# WORK INSTRUCTIONS:
No picture should appear in the copy. Transcribe exactly, and only, the lines from the one with "Coppia di mensole" through the last line of the data below.

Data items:
········
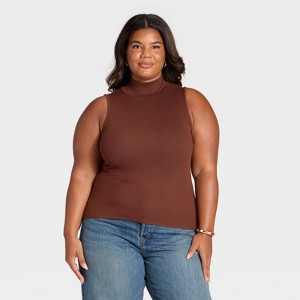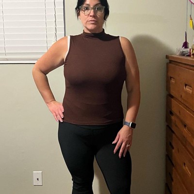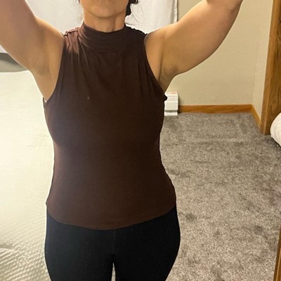 Brown mock turtleneck tank for layering
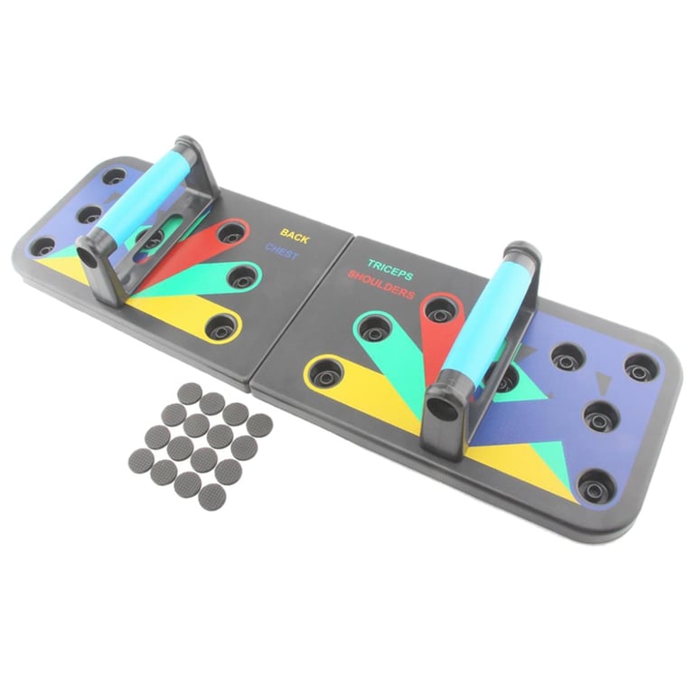 • Various colour-coded push-up boards target specific muscles (Yellow – back, Purple – chest, Green – triceps, and Red – shoulders)
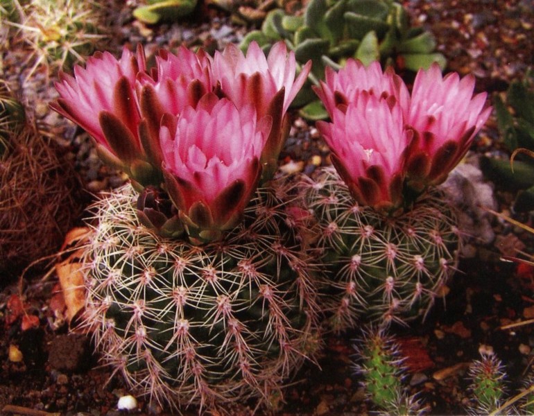 dit zijn de rode bloemen van de Gymnocalysium multiflorum.
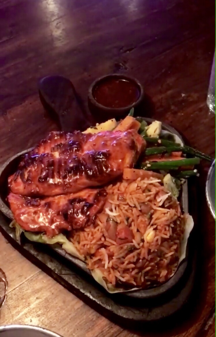 Another dish we ordered was, ‘Nasi Goreng’. This is a sizzler wherein you can opt for rice or noodles. Since we already chose noodles, this time we opted for rice and combined it with prawns. This sizzler was presented in a fancy style. They placed two sticks of prawns above the rice with an egg omelette served in the sizzling dish. This dish too was sufficient for two. The taste wasn’t that great yet edible. We were actually quite full by then. The DJ played some good old classic hits which made us groove to the music! We had an amazing time!
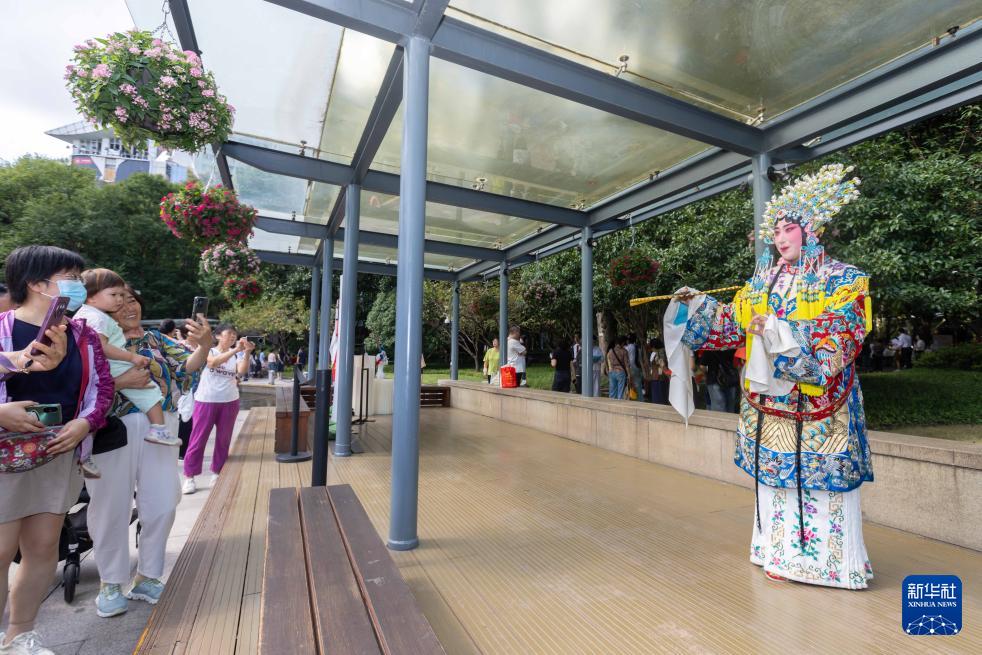 9月29日,上海市徐汇区庆祝中华人民共和国成立75周年游园会在徐家汇公园举办,人们观看戏曲表演。
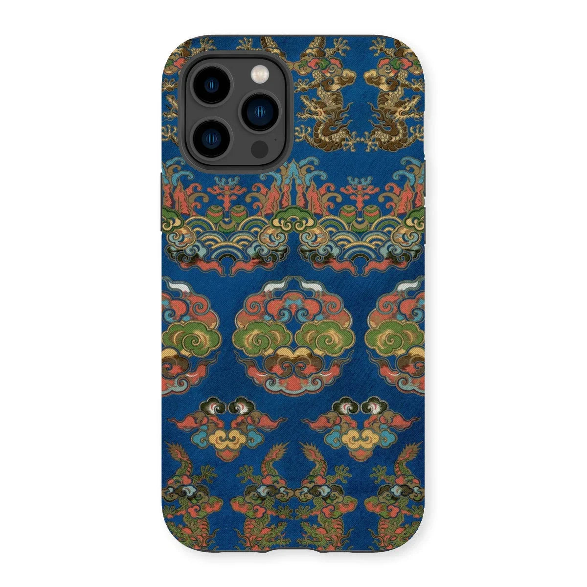 Onder een baldakijn van kobalt ontvouwt G.A. Audsley's blauwe waaierpatroon zich als een kosmisch raadsel. Een poort naar een mythische hemel waar draken niet alleen schatten bewaken, maar symfonieën van chaos en balans componeren. Hun vergulde lichamen kronkelen door stromen van golvende wolkenbanden, die oprijzen als de adem van oude bergen en een landschap vormen dat zo vluchtig is als dromen, maar zo weloverwogen als de Schrift. Deze draken brullen niet; hun stilte zoemt met een alchemie van creatie, hun gouden schubben glinsteren als gefragmenteerde zonnen.
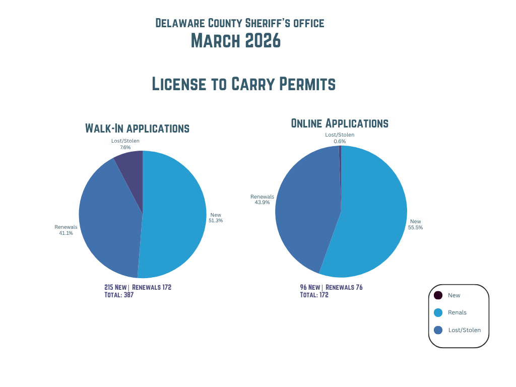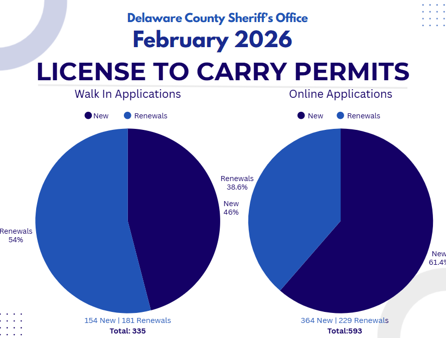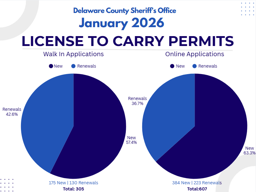 We have taken meaningful steps to modernize technology and improve access to services. License to Carry (LTC) applications and renewals can now be accessed from the convenience of a smartphone through the introduction of a QR code—making the process faster and more user-friendly. In addition, permit holders now receive notices electronically via email, supporting the Delaware County Green Initiative while improving communication and efficiency.
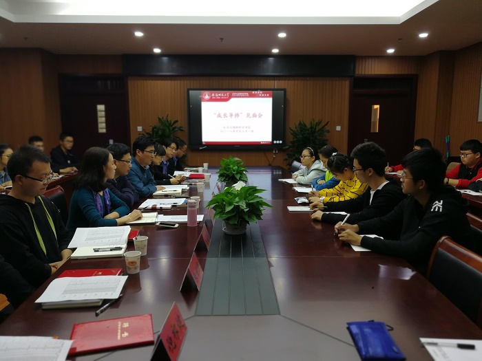 院长高峰,副院长张小俊,党委副书记余妍霞,化学系系主任阚显文,学院精心选聘的五位成长导师崔鹏、张继坦、倪祁建、毛俊杰、周能能以及2018级英才班全体同学参加会议。会议由余妍霞主持。
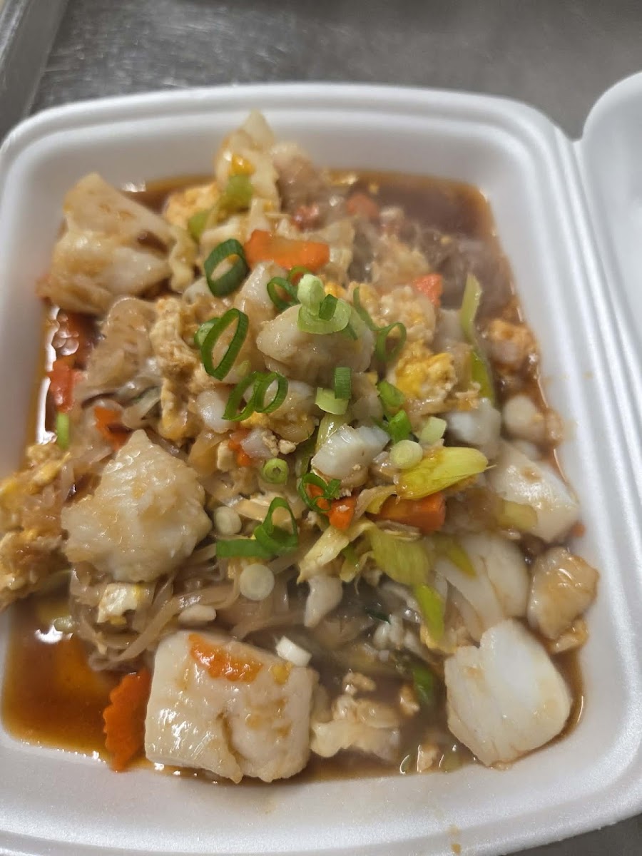For those who prefer seafood, Siam Orchid offers a delectable Nr 9 Torsk Filet Med Chilisauce. This dish features a tender cod fillet topped with a zesty chili sauce, giving it a bold and vibrant taste. If you're in the mood for something crispy, you can't go wrong with the Nr 2 Hellefisk Paneret, a crispy battered halibut dish that pairs wonderfully with the restaurant's homemade dipping sauce.
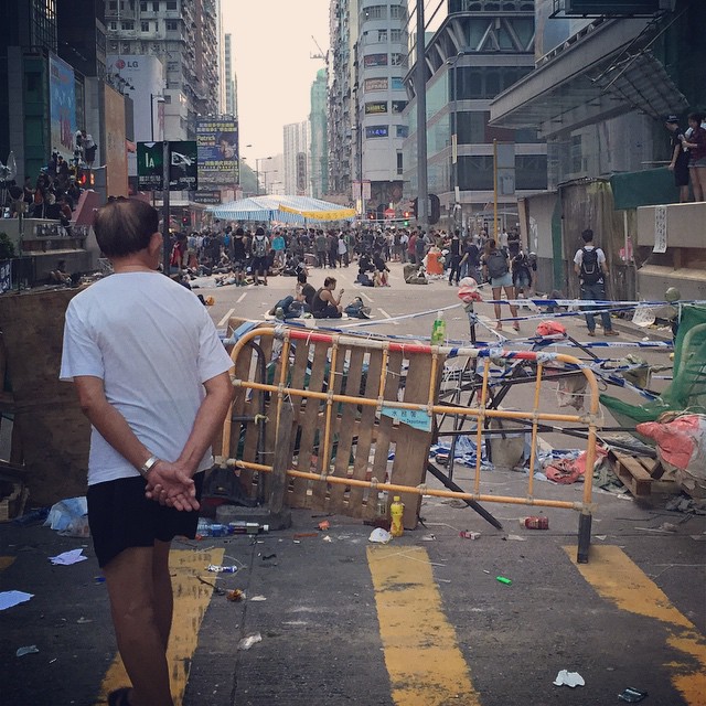 Dawn breaks on embattled day 8 of #OccupyHK in #Mongkok. An old man walks past an crumbling #barricade. #HongKong #hk #hkig
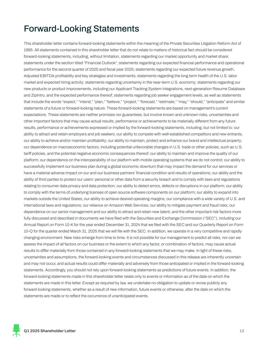 関税政策およびその潜在的な経済的悪影響、当社プラットフォームの品質を維持・向上させる能力、当社が管理しないモバイル・オペレーティング・システムとの相互運用性への依存、当社サービスの需要に影響を与えたり、当社およびビジネス・パートナーの財政状態や経営成績に重大な悪影響を及ぼす可能性のある世界的な景気後退時に、当社の事業計画を成功裏に実施する能力;当社および第三者がセキュリティ侵害からユーザーの個人情報またはその他のデータを保護し、消費者データのプライバシーおよびデータ保護に関する法律および規制を遵守する能力、当社プラットフォームのエラー、欠陥または中断を検出する能力、当社プラットフォーム上のオープンソースソフトウェアコンポーネントの基本ライセンス条項を遵守する能力、米国外の市場に進出する能力、望ましい営業利益率を達成する能力、米国および国際的な多種多様な法律および規制の遵守。また、当社が米国証券取引委員会に提出した2024年12月31日に終了した12ヶ月間の年次報告書(Form 10-K)および米国証券取引委員会に提出予定の2025年3月31日に終了した3ヶ月間の四半期報告書(Form 10-Q)の「リスク要因」の見出しで説明されているその他の重要な要因も含まれます。将来予想に関する記述が実現する保証はありません。あなたは、この日付の時点で唯一の期待を反映している将来の見通しに関する記述に過度に依存しないように注意してください。ZipRecruiterは、新しい情報、将来の発展、またはその他の結果にかかわらず、将来予想に関する記述を公に更新または見直す義務を負いません。
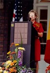 Color photo of a speaker at the Willard Hall Dedication ceremony. She is standing at a podium placed at the top of the steps to the front entrance of the dorm. Flowers have been placed at the base of the podium.
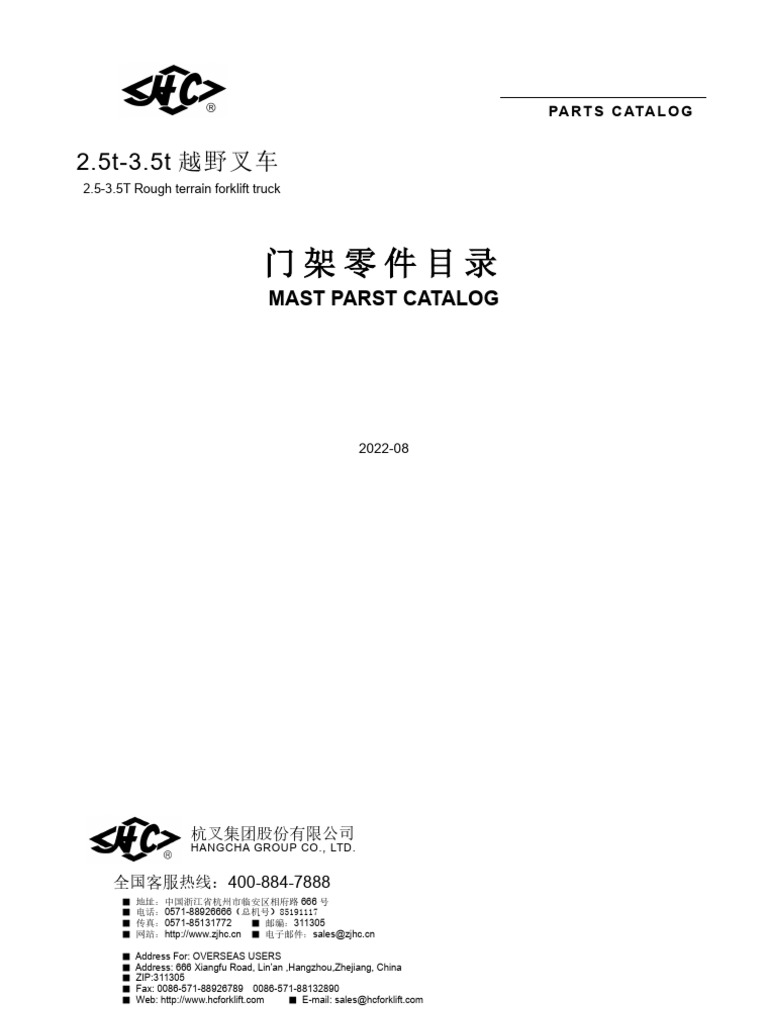 Hangcha Forklift Mast Parts Catalog 2015
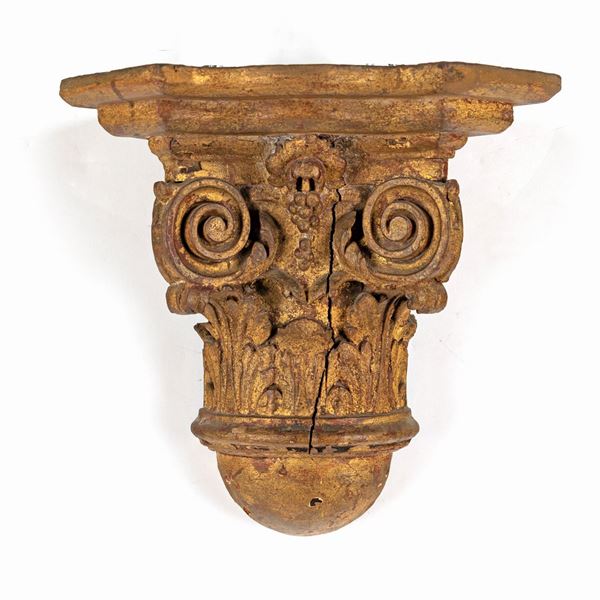 Coppia di mensole in legno intagliato e dorato a forma di capitello, XIX secolo
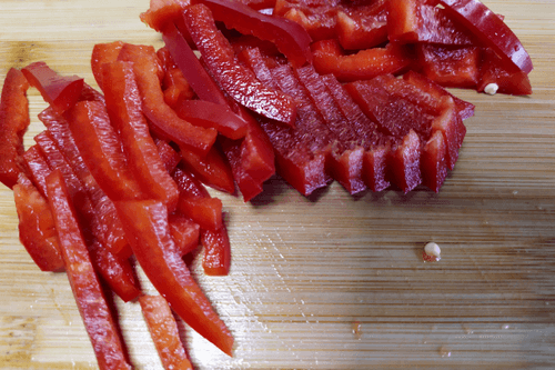 Cut the red sweet pepper into strips.
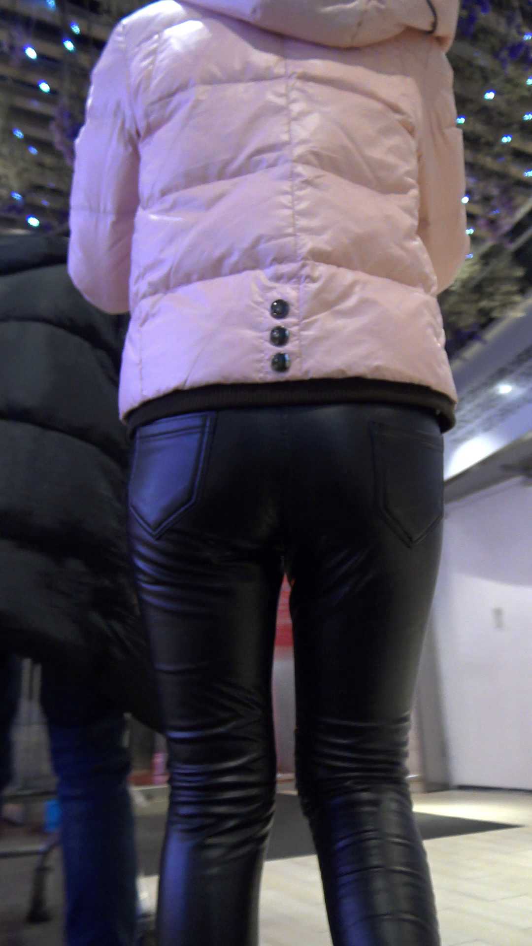 B1565商场紧身皮裤翘臀小少妇
········
# ANSWER BOX:
 Coppia di mensole in legno intagliato e dorato a forma di capitello, XIX secolo
 Cut the red sweet pepper into strips.
 B1565商场紧身皮裤翘臀小少妇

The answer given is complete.